* MATERIAL FOR THE TASK *
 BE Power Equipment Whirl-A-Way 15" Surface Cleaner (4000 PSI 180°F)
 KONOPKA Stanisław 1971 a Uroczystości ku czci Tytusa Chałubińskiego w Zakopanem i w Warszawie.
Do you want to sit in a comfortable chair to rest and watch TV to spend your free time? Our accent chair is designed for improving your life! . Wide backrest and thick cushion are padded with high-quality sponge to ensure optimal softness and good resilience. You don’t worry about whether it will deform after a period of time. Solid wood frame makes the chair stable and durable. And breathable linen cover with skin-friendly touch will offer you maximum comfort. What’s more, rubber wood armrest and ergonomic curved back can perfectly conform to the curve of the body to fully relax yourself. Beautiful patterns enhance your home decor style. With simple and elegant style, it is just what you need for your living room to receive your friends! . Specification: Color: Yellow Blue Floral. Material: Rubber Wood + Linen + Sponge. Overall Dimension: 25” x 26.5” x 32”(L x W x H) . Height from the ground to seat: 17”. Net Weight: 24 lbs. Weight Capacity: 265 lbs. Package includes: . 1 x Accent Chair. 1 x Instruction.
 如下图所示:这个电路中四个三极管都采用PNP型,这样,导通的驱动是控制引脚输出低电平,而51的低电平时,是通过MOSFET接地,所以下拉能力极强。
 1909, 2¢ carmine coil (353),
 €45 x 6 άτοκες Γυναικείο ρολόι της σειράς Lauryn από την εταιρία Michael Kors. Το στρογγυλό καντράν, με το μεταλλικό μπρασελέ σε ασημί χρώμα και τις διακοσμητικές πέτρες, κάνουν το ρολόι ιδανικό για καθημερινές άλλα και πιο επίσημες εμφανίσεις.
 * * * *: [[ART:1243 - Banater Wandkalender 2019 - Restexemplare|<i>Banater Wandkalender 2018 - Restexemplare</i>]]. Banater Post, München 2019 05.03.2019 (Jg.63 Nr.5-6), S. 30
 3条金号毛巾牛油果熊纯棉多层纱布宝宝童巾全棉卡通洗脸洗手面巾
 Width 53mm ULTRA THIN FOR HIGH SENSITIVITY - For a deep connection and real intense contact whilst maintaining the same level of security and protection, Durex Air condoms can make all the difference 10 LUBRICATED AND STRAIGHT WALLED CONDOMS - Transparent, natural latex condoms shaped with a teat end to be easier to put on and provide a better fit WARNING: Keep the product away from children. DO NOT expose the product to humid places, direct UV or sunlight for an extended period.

---

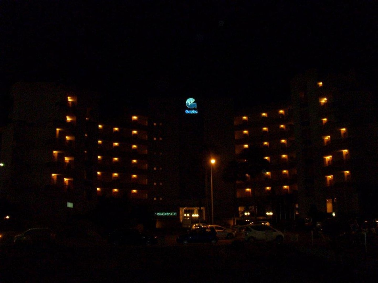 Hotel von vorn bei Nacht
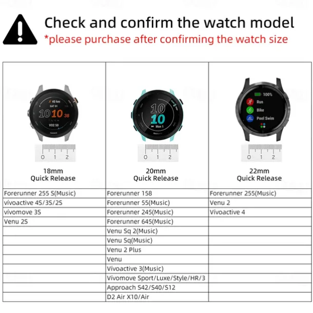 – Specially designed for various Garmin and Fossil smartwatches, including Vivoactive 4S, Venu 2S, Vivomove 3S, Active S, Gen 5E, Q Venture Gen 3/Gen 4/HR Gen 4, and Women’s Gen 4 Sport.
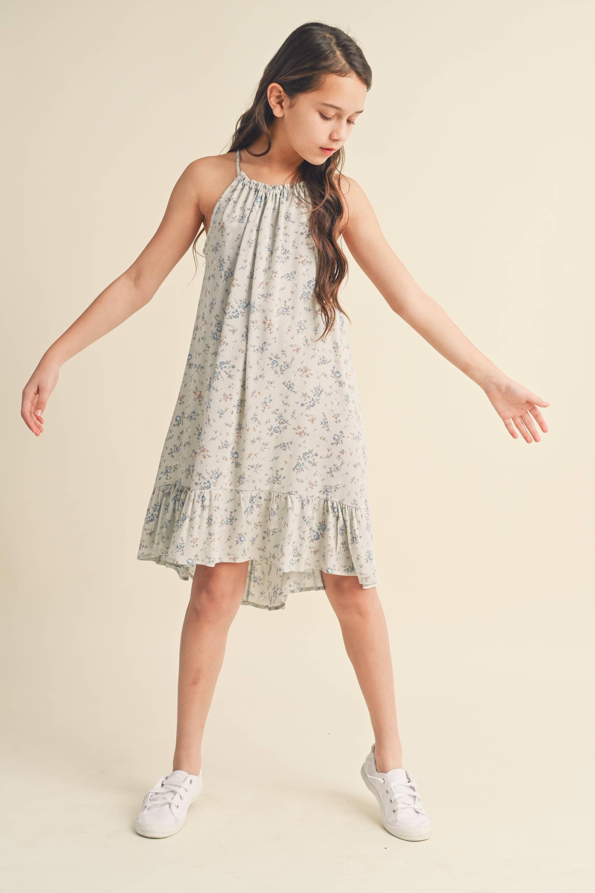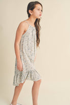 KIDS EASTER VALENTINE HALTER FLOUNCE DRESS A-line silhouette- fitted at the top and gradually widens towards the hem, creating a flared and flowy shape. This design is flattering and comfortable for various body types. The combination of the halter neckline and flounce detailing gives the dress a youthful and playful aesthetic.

...

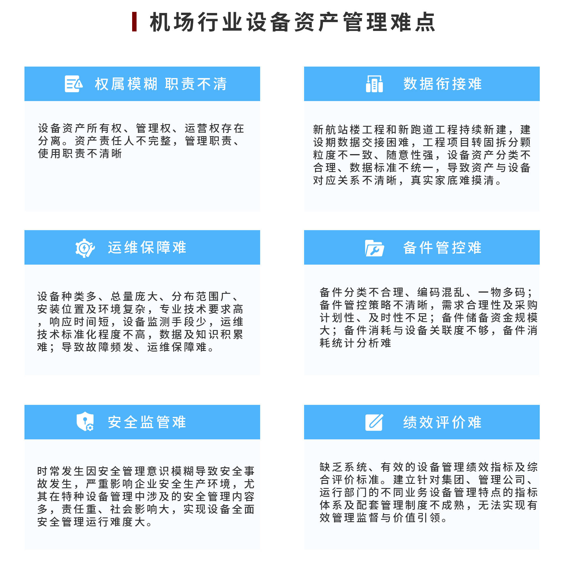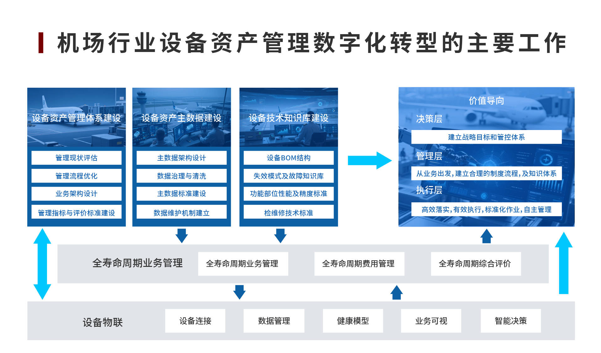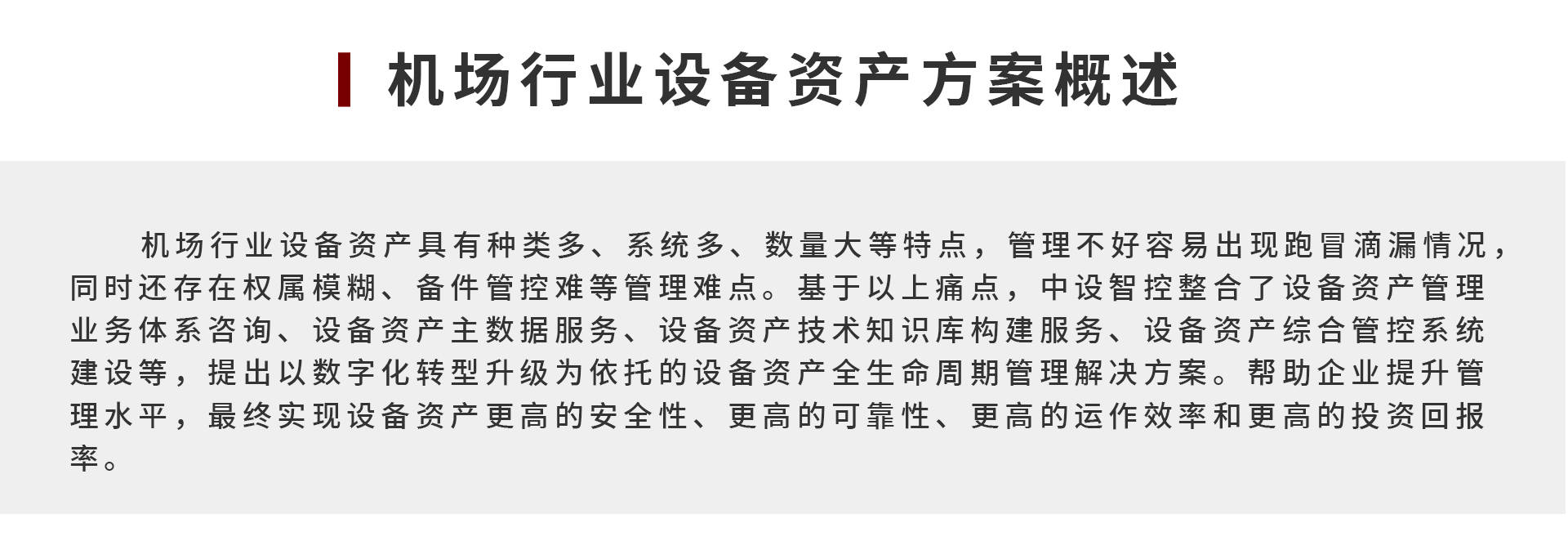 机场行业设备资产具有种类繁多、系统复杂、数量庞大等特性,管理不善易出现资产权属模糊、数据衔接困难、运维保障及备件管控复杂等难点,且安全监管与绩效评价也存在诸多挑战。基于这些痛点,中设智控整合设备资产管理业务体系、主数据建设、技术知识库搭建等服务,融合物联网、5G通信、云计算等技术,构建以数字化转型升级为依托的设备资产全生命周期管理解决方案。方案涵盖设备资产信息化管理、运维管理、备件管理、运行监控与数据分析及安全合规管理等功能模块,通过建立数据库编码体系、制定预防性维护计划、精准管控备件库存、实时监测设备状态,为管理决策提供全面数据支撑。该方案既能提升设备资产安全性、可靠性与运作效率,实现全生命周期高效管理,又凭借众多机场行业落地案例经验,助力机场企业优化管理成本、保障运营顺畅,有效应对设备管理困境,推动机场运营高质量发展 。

* TASK *
Everything from the line containing "BE Power Equipment" through the line containing "KONOPKA Stanisław 1971" in the material above should be retyped exactly, both ends included, and nothing more.

* COMPLETED TASK *
 BE Power Equipment Whirl-A-Way 15" Surface Cleaner (4000 PSI 180°F)
 KONOPKA Stanisław 1971 a Uroczystości ku czci Tytusa Chałubińskiego w Zakopanem i w Warszawie.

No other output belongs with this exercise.